▶ **EXERCISE DIRECTIONS**:
No pictures, please: print exactly the lines from the one that contains "たった5分で自動車保険を3万円以上節約できる!?" through the last line of the listing.

▶ **RAW DATA**:
......
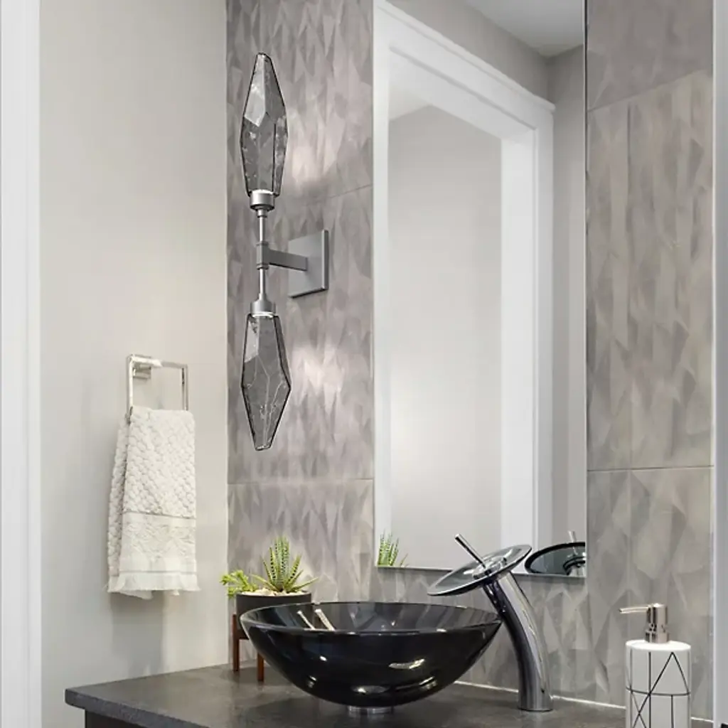 The Rock Crystal LED Double Wall Sconce from Hammerton Studio stands out with a memorable and simple structure accentuated by angular accents. A square wall plate keeps the fixture in place, while a central bar heads outward, holding a short vertical rod that extends LED lamping above and below. This lamping casts a bright flare of light gentled by an angular prism shade of artisan glass shade that extends over each end, bathing its surroundings in a glittering glow.
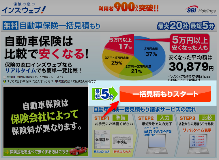 たった5分で自動車保険を3万円以上節約できる!?
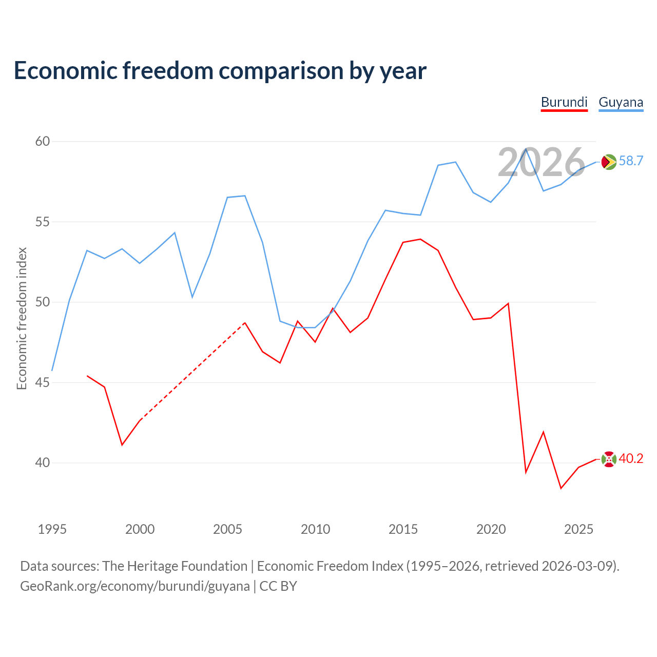 The Economic Freedom Index for Burundi is 40.2, ranking 187/197, compared to 58.7 for Guyana, ranking 109/197. The chart above displays a comparison of annual changes in economic freedom indexes.
......
▶ **FINISHED EXERCISE**:
 たった5分で自動車保険を3万円以上節約できる!?
 The Economic Freedom Index for Burundi is 40.2, ranking 187/197, compared to 58.7 for Guyana, ranking 109/197. The chart above displays a comparison of annual changes in economic freedom indexes.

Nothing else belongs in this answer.